Indeed, recent reports indicate that aggregating cell migration in mechanical heterogeneity is driven by Rac1, or ROCK and myosin IIA-dependent cytoskeletal tension, and that cytoskeletal tension across the epithelial tissue is linked to F-actin and myosin-IIA throughout [28]. In other words, they cooperate to form a skirting structure that modulates collective tissue behavior on an exogenous matrix with mechanical heterogeneity. Thus, it is suggested that Rac1 regulation via AMPK activity may also be involved in collective cell migration that initiates tissue growth, remodeling, and morphogenesis by directing cell contractility.

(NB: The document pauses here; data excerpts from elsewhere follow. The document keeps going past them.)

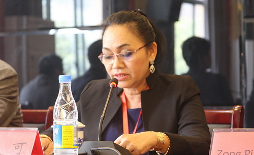 柬埔寨领队Dok Sinara发表致辞,代表柬埔寨旅游培训班全体成员,感谢九江学院的热情接待和精心安排,表示会珍惜参训机会,好好学习。
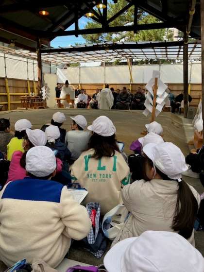 2月26日(月)4年は住吉大社に社会見学に行きました。相撲場を見せていただきました。立浪部屋のお相撲さんに会えたようです。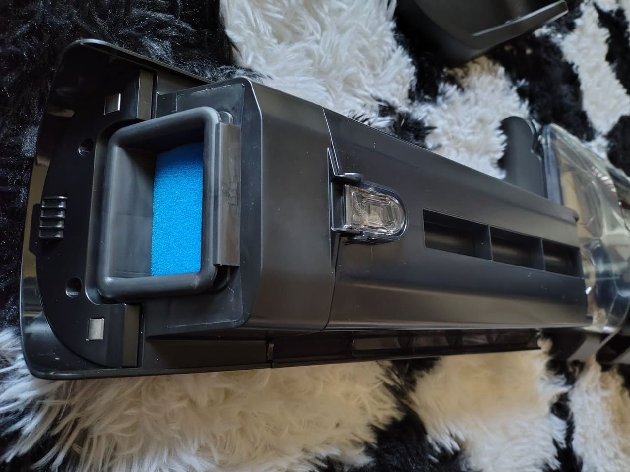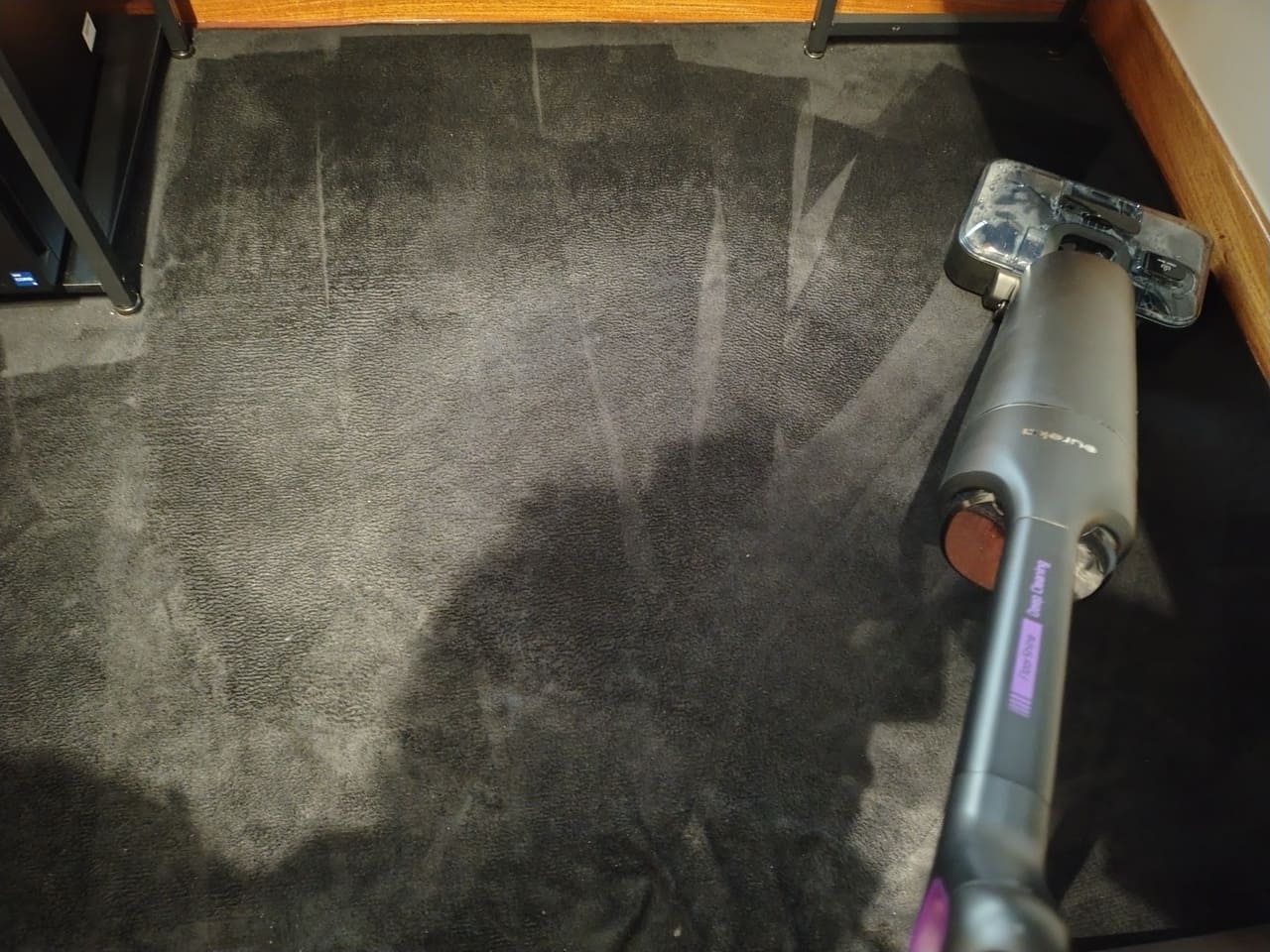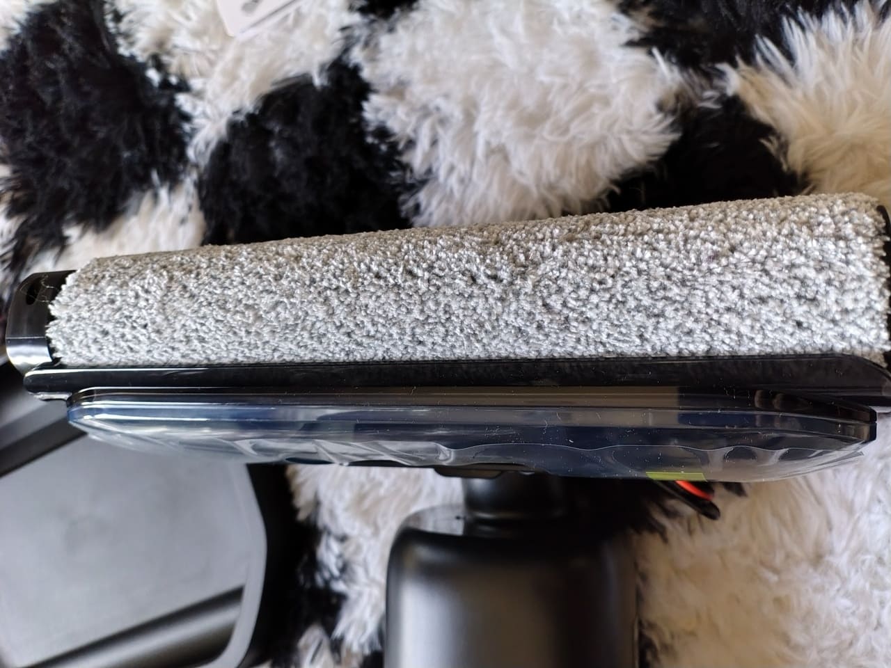 Algo interesante que me ha gustado es que el equipo entra en modo pausa cuando se coloca en posición vertical o semi-vertical, de manera que se puede detener el rulo y la pulverización si se quiere contestar al timbre o recolocar un mueble sin apagarlo del todo. A nivel de sensación en mano, transmite la impresión de producto sólido, sin crujidos raros al forzar la inclinación y sin holguras perceptibles en las uniones del asa o los depósitos.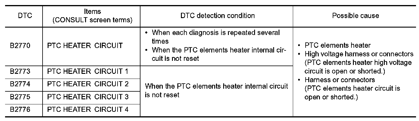 YES- Replace PTC elements heater. Refer to "Removal and Installation" Removal And Installation.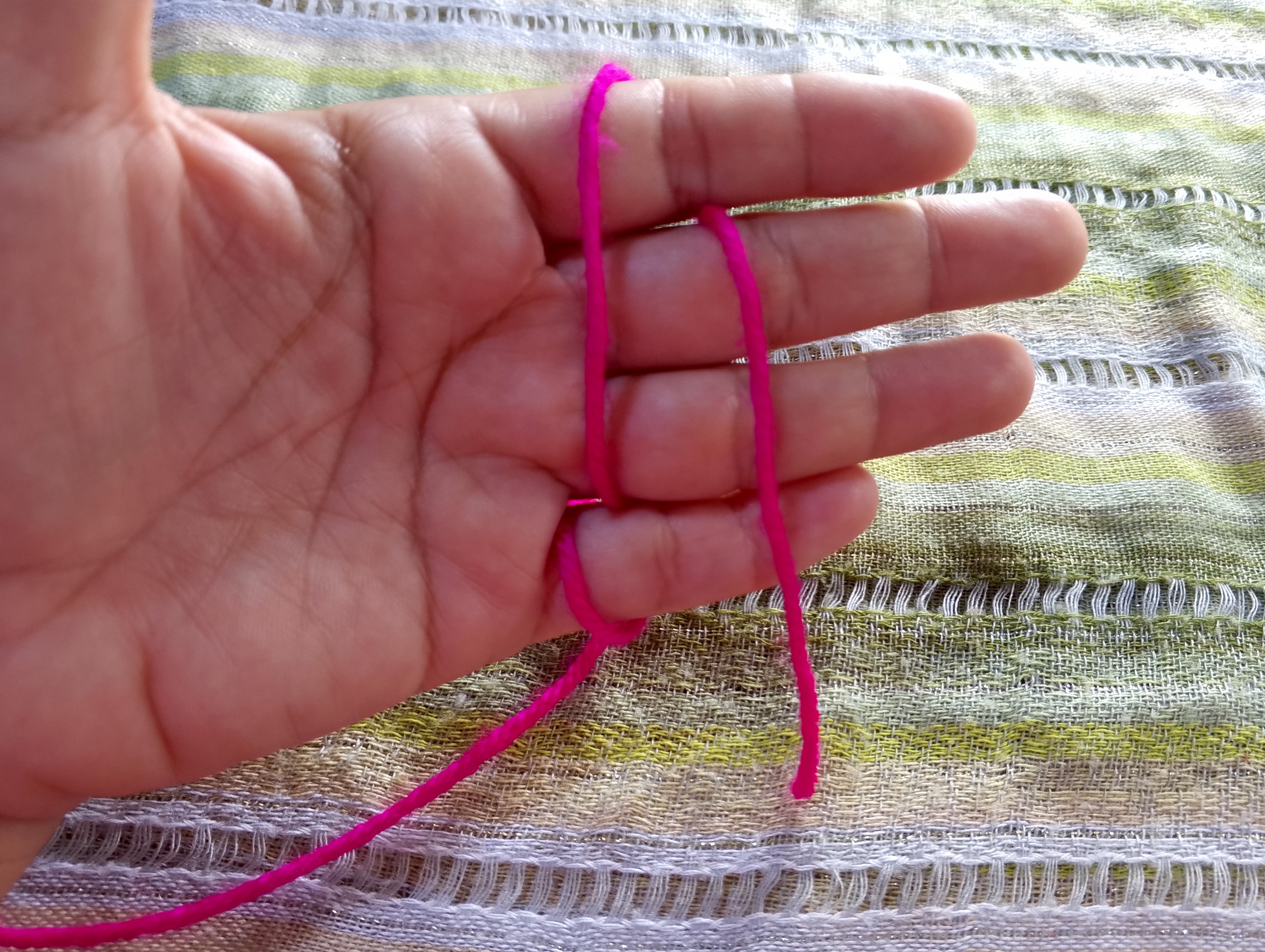 Otra forma consiste en dar una vuelta por delante al dedo meñique, se enrrolla y cuando esté por delante nuevamente se sube hasta el dedo indice y se pasa por detrás de este, de este modo se tienen dos puntos de apoyo para ir deslizando el hilo.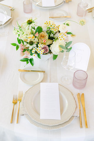 On the table, thoughtfully coordinated design elements popped against the white table cloth. The gold flatware and elegant pink glassware were excellent choices that paired perfectly with summery centerpieces.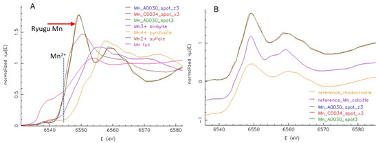 (A) Mn K-edge μXANES of three representative spots on the two Ryugu samples are compared to reference spectra for Mn foil, Mn2+ (sulfate), Mn3+ (bixbyite Mn2O3), and Mn4+ (pyrolusite, MnO2) (reference spectra from [12]). The absorption edge (initial rise) position in energy is characteristic of oxidation state and shows that Mn in these Ryugu grains is Mn2+ as marked by the vertical dotted line. (B) Closer examination of Mn μXANES: bottom spectrum is reference rhodochrosite, MnCO3 (Sweet Home Mine, Alma, Colorado, USA), which has two dominant peaks at 6548.5(1) eV and 6560.6(2) eV. Middle spectrum is trace Mn in calcite (Franklin, New Jersey, USA), which has corresponding peaks at 6549.1(2) eV and 6559.3(2) eV and an additional peak at 6555.0(6) eV. Top spectra are two spots on A0030 and one on C0034; these spectra closely match each other and display two peaks that are each split at 6549.1(1) eV with a shoulder at 6552.4(1.4), and at 6559.3(4) and 6564.2(1.4) eV. This structure is analogous to that observed in Ca μXANES of dolomite (Figure 11), corroborating a dolomite structure host.

This study had some limitations. With reference to the available reports, actin cables form only in the epithelium, and the effects of C13 on regeneration and repair of dermal and fascial structures have not been fully examined. Thus, the involvement of fibroblasts or myofibroblasts and α-smooth muscle actin expression in wound contraction and scar formation is unknown. However, we found that actin polymerization was also observed in the dermis at the wound margins, which warrants further investigation. In this study, C13 might also have a positive effect on postnatal wounds as it promoted wound healing through causing actin cable formation at E15, a pattern similar to that in neonates and adult animals. The effects of C13 on adult animal wounds are currently under investigation. In addition, the structure of mouse and human skin is different, and further experiments are needed to determine whether the effects of C13 can be applied to humans, as well as the possibility of side effects.

In conclusion, C13 administration was shown to promote wound healing in mouse fetuses via AMPK activation. This finding may have potential for the development of new therapeutic modalities to regenerate wounds.